The following evaluation measures are computed:
In-Group Proportion (Kapp and Tibshirani (2007)). If true label are
provided, ARI, Average Silhouette Width (Rousseeuw (1987)), Macro-Precision
and Macro-Recall are computed.
Arguments
- object
Object of class
pkbc
- true_label
factor or vector of true membership to clusters (if available). It must have the same length of final memberships.
Value
List with the following components:
metrics
Table of computed evaluation measures for each value of number of clusters in thepkbc
object. The number of cluster is indicated as column name.IGP
List of in-group proportions for each value of number of clusters specified.
Details
The IGP is a statistical measure that quantifies the proportion of observations within a group that belong to the same predefined category or class. It is often used to assess the homogeneity of a group by evaluating how many of its members share the same label. A higher IGP indicates that the group is more cohesive, while a lower proportion suggests greater diversity or misclassification within the group (Kapp and Tibshirani 2007).

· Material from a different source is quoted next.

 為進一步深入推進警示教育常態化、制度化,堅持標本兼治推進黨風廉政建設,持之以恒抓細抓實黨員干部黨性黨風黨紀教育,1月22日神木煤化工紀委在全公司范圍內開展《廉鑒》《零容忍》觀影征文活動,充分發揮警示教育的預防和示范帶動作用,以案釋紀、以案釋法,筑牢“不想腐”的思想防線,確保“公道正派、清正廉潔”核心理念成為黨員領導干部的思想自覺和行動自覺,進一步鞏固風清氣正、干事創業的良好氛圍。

The Adjusted Rand Index (ARI) is a statistical measure used in data clustering analysis. It quantifies the similarity between two partitions of a dataset by comparing the assignments of data points to clusters. The ARI value ranges from 0 to 1, where a value of 1 indicates a perfect match between the partitions and a value close to 0 indicates a random assignment of data points to clusters.
The average silhouette width quantifies the quality of clustering by measuring how well each object fits within its assigned cluster. It is the mean of silhouette values, which compare the tightness of an object within its cluster to its separation from other clusters. Higher values indicate well-separated, cohesive clusters, making it useful for selecting the appropriate number of clusters (Rousseeuw 1987).

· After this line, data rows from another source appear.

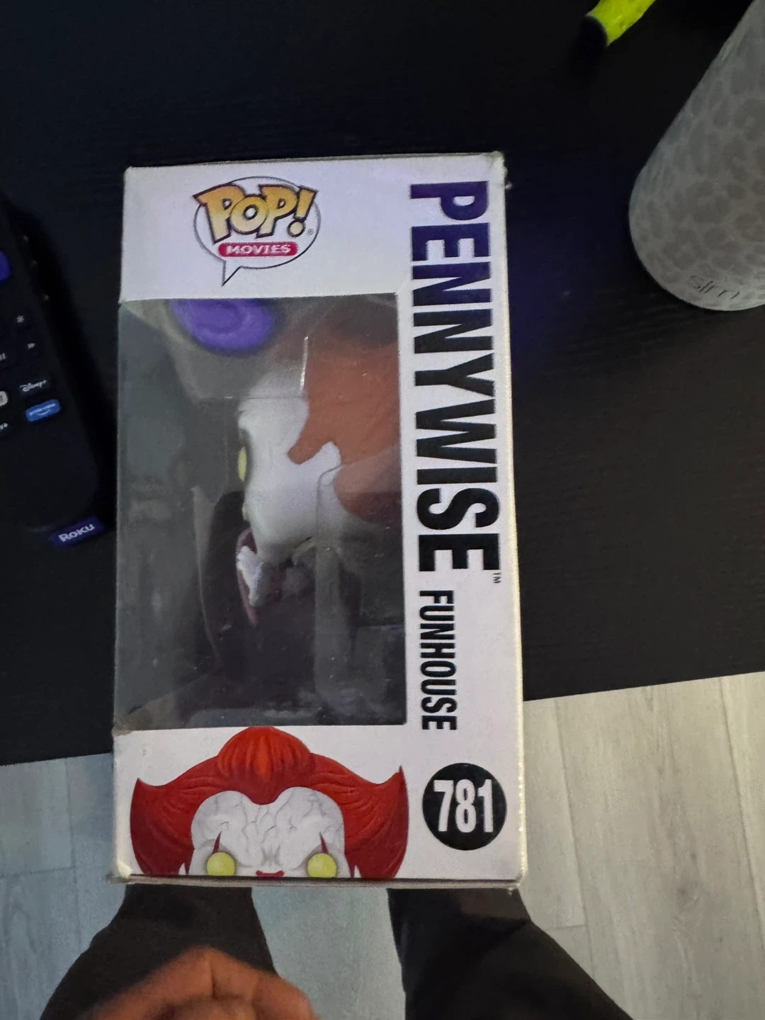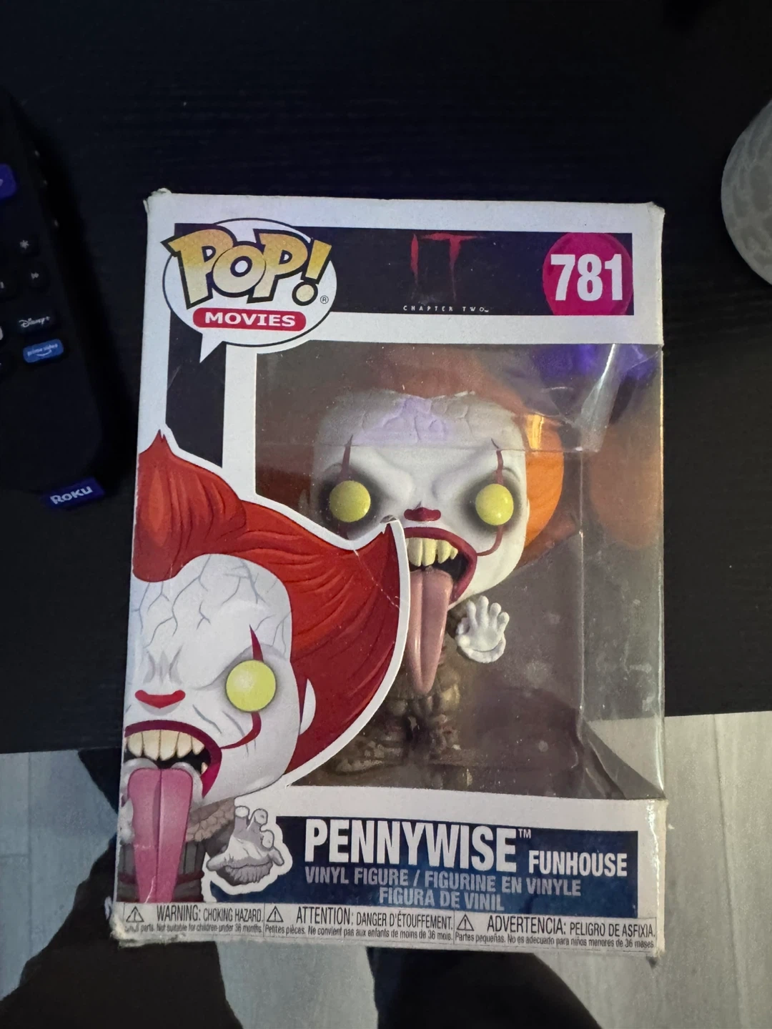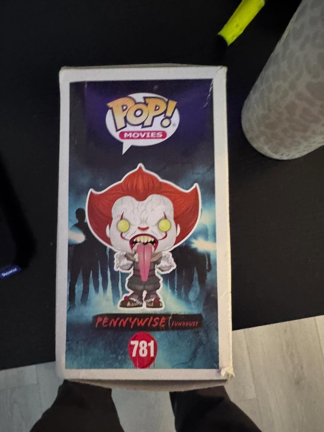 This is a Funko Pop! Movies vinyl figure of Pennywise from the Funhouse. It's model number 781 and comes in its original box. This collectible is great for horror fans!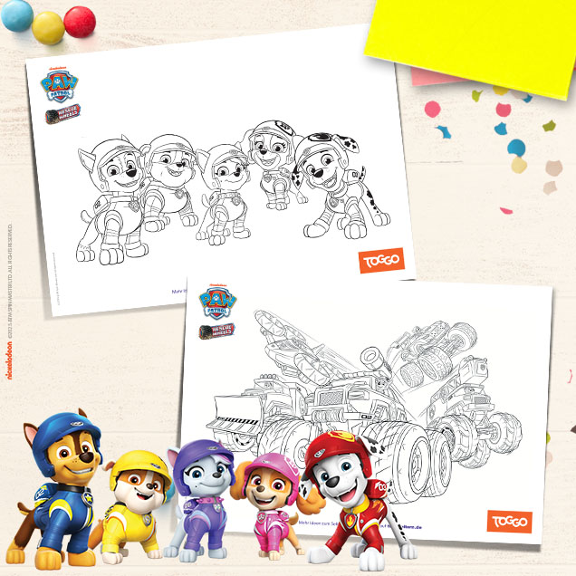 Die Rescue Wheels sind wieder im Einsatz. Sie sind auf der Suche nach ihren Farben. Können deine Kinder der PAW Patrol helfen? Einfach die pfotenstarken Ausmalbilder runterladen und ausdrucken. Dann kann die neue Mission losgehen!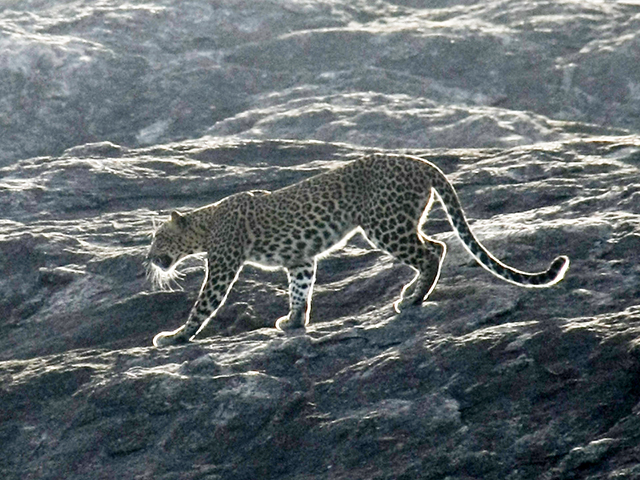 Prvo srećemo razne ptice, jelene i divlje svinje. Nalin kaže da ćemo videti još puno životinja kasnije, i da nam je sada najvažnija misija da pronađemo leoparda. Jel to ok? pita. Ima li lepše rečenice za jednog pustolova! Leopard je superstar. Uspešnost ovog safarija se meri time da li ste videli ovog lepotana ili ne. Ali sa ovom mačkom se nikada ne zna… Iskusniji tvrde da ako ga ne vidite do 8 ujutru sve je manja šansa, jer je toplije i on drema negde u hladu i sklanja se od sve veće gužve.
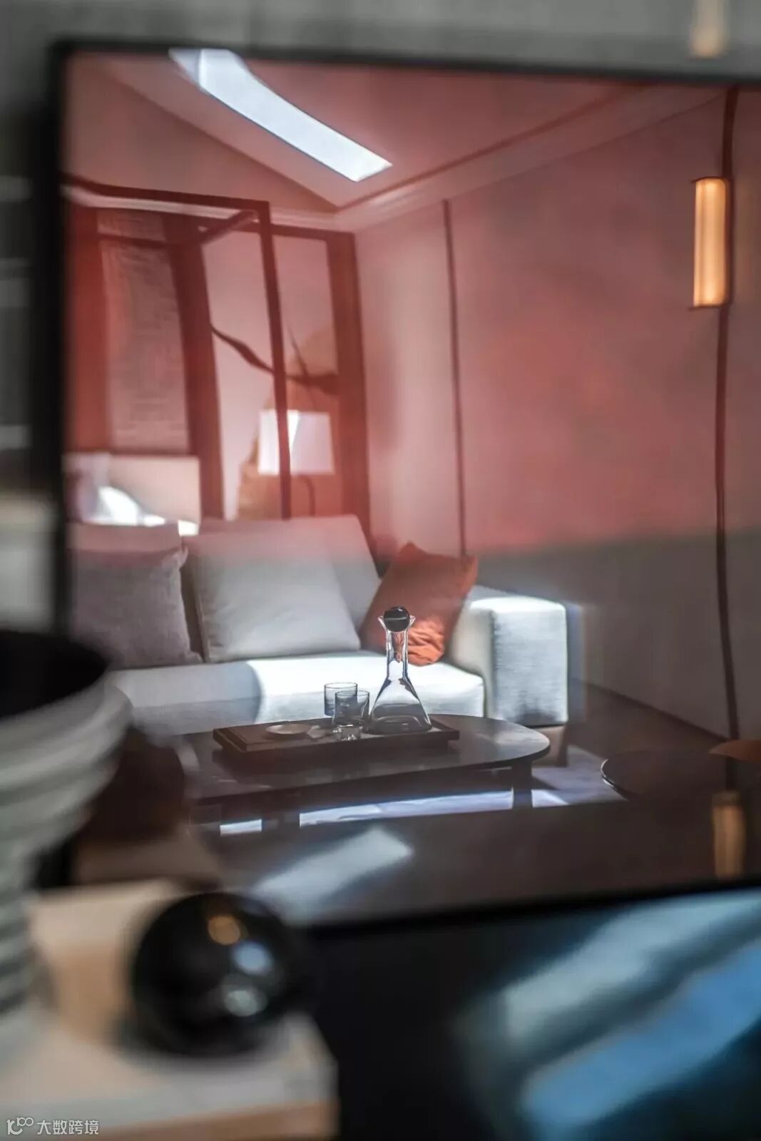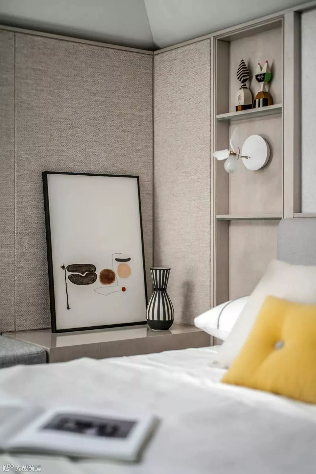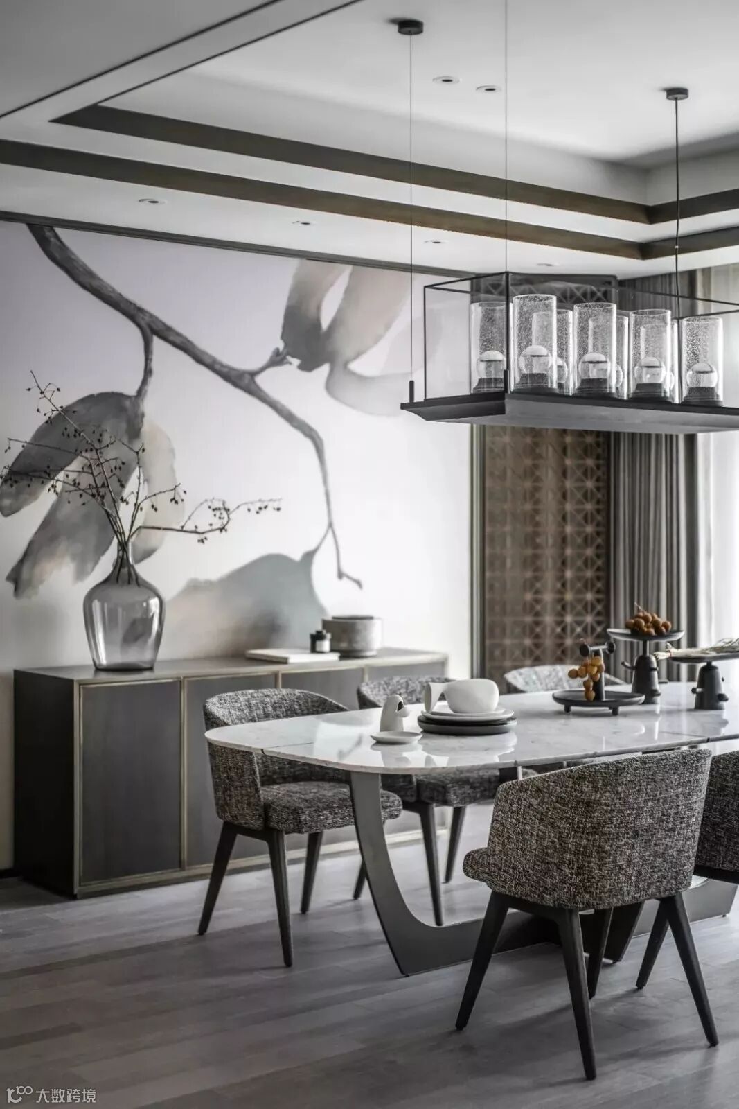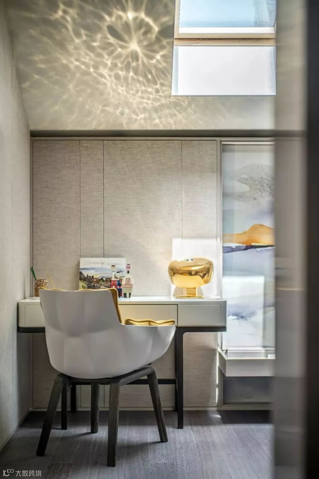 穿过格栅是步入式衣帽间,以沉着的灰色调主导的空间转向当代极简主义,垂坠至眼前的吊灯、满布褶皱的陶瓷花器与大地色泽的艺术画作颠覆了方才在卧室中营造的东方气息,两个空间风格迥异却在统一的色调间找到平衡。

Macro Precision is a metric used in multi-class classification that calculates the precision for each class independently and then takes the average of these values. Precision for a class is defined as the proportion of true positive predictions out of all predictions made for that class.
Macro Recall is similar to Macro Precision but focuses on recall. Recall for a class is the proportion of true positive predictions out of all actual instances of that class. Macro Recall is the average of the recall values computed for each class.
Note
Note that Macro Precision and Macro Recall depend on the assigned labels, while the ARI measures the similarity between partition up to label switching.
If the required packages (mclust
for ARI, clusterRepro
for IGP, and
cluster
for ASW) are not installed, the function will display a message
asking the user to install the missing package(s).
References
Kapp, A.V. and Tibshirani, R. (2007) "Are clusters found in one dataset present in another dataset?", Biostatistics, 8(1), 9–31, https://doi.org/10.1093/biostatistics/kxj029
Rousseeuw, P.J. (1987) Silhouettes: A graphical aid to the interpretation and validation of cluster analysis. Journal of Computational and Applied Mathematics, 20, 53–65.
Examples
#We generate three samples of 100 observations from 3-dimensional
#Poisson kernel-based densities with rho=0.8 and different mean directions
size<-20
groups<-c(rep(1, size), rep(2, size),rep(3,size))
rho<-0.8
set.seed(081423)
data1<-rpkb(size, c(1,0,0),rho,method='rejvmf')
data2<-rpkb(size, c(0,1,0),rho,method='rejvmf')
data3<-rpkb(size, c(1,0,0),rho,method='rejvmf')
data<-rbind(data1,data2, data3)
#Perform the clustering algorithm
pkbc_res<- pkbc(data, 3)
pkbc_validation(pkbc_res)
#> $metrics
#> 3
#> ASW 0.03602451
#>
#> $IGP
#> $IGP[[1]]
#> NULL
#>
#> $IGP[[2]]
#> NULL
#>
#> $IGP[[3]]
#> [1] 0.952381 1.000000 1.000000
#>
#>